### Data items
☆ ☆ ☆ ☆ ☆
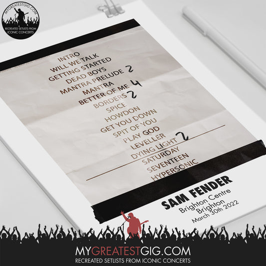Sam Fender - Brighton - Mar 30th 2022 Recreated Setlist Poster
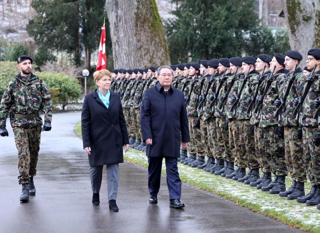 中国の李強(り・きょう)国務院総理は現地時間15日午前、スイスのベルンで同国のアムヘルト大統領と会談した。写真は会談に先立ち、アムヘルト大統領と儀仗隊を観閲する李強総理。(ベルン=新華社記者/王曄)
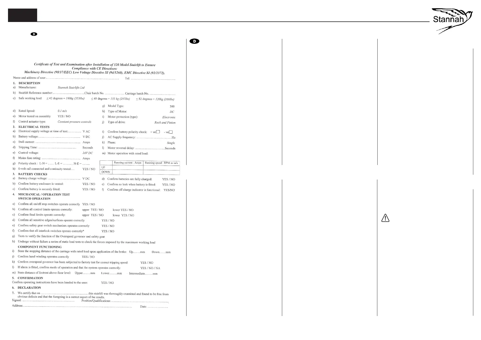 g) Bestätigen, dass der Treppenlift die
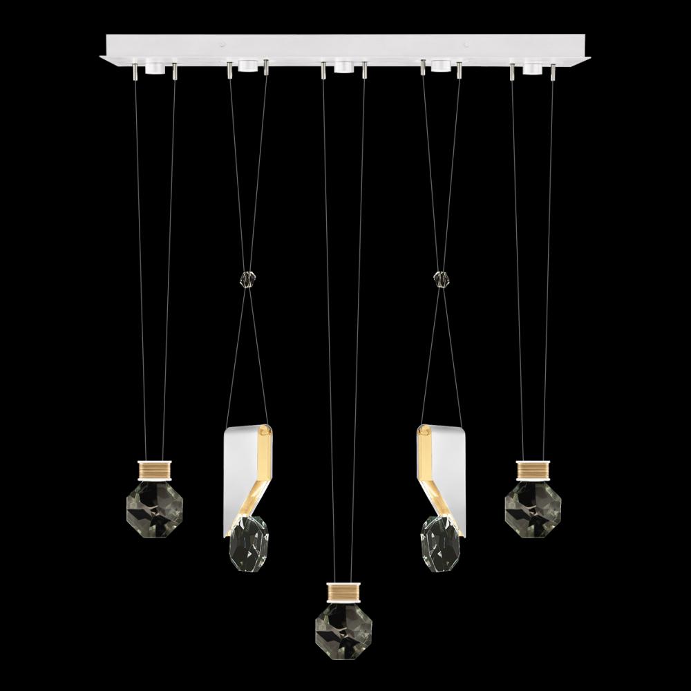 Five-drop linear pendant inspired by the sophistication and versatility of necklace charms. This collection empowers you to curate your unique piece with its five exquisite finishes and four distinct charm designs meticulously crafted using opulent faceted optic crystal. Each charm shines like a gem, captivating attention. Whether you desire the delicate dance of light reflecting off the crystal or the functional illumination from above, Aria's integrated LED lights bring your vision to life.
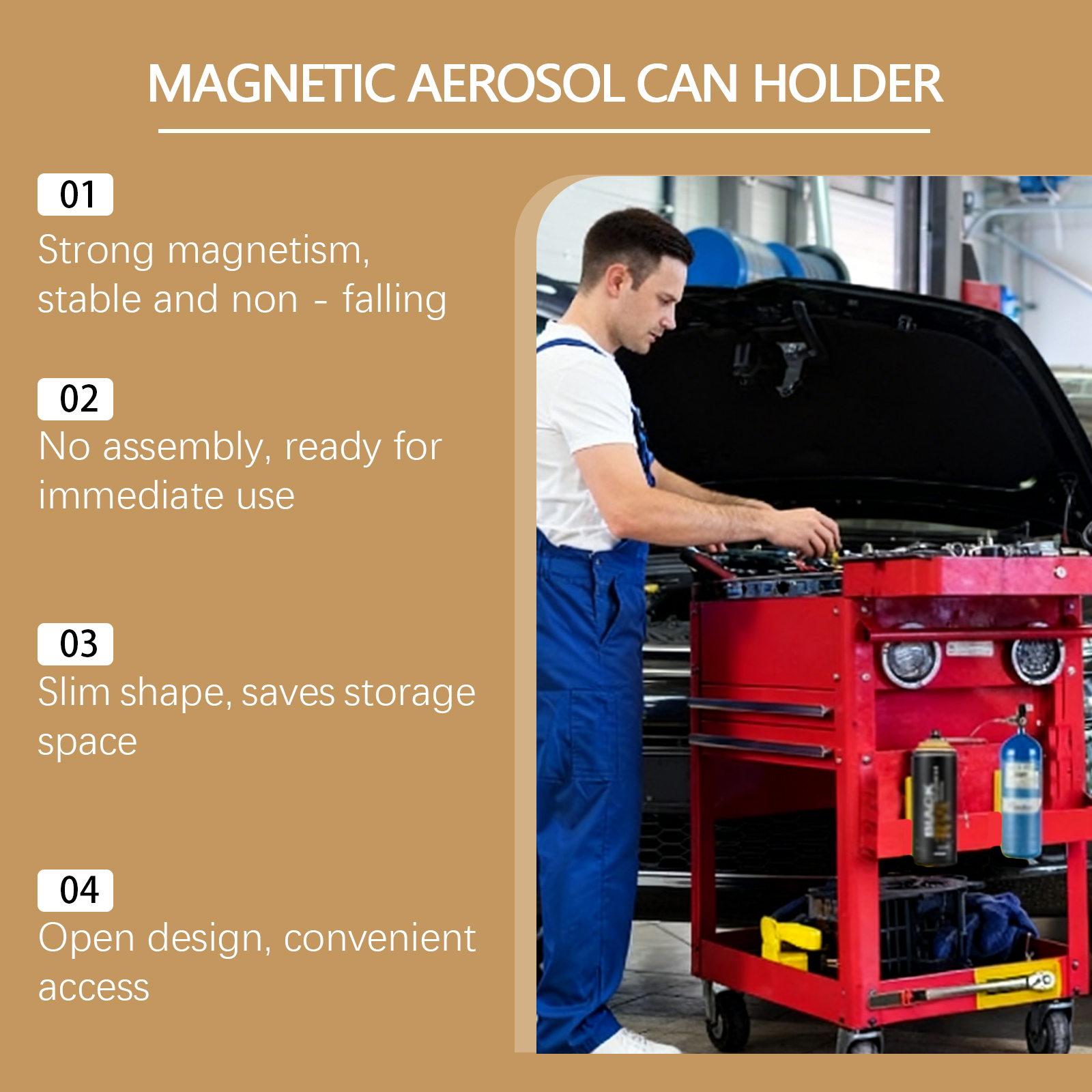 我们的绿色磁性气雾罐支架,由塑料、磁铁精心调配而成。专为牢固吸附在金属表面以储存喷雾罐设计。使用方法极为便捷:将支架固定在干净的金属表面上,将气雾罐放入支架中以保持稳定。并且它是纤薄机身,便于携带和移少,无需组装,几秒钟内即可安装完成。
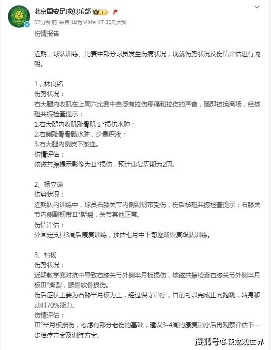 国安三虎伤缺!英博有机会。6月20日,国安俱乐部官方发布球员伤情报告,林良铭右大腿拉伤预计缺席2周;杨立瑜右膝关节内侧副韧带撕裂,预计7月中下旬恢复;柏杨半月板损伤,3-4周后评估。三虎伤缺,攻防两端会受到影响。有国安球迷自我安慰:“林皇踢申花能上,我就放心了!”
☆ ☆ ☆ ☆ ☆
The expected output is the exact run of lines from the one containing "我们的绿色磁性气雾罐支架,由" through the final line of the data above, both ends included, with no pictures.

### Answer space
 我们的绿色磁性气雾罐支架,由塑料、磁铁精心调配而成。专为牢固吸附在金属表面以储存喷雾罐设计。使用方法极为便捷:将支架固定在干净的金属表面上,将气雾罐放入支架中以保持稳定。并且它是纤薄机身,便于携带和移少,无需组装,几秒钟内即可安装完成。
 国安三虎伤缺!英博有机会。6月20日,国安俱乐部官方发布球员伤情报告,林良铭右大腿拉伤预计缺席2周;杨立瑜右膝关节内侧副韧带撕裂,预计7月中下旬恢复;柏杨半月板损伤,3-4周后评估。三虎伤缺,攻防两端会受到影响。有国安球迷自我安慰:“林皇踢申花能上,我就放心了!”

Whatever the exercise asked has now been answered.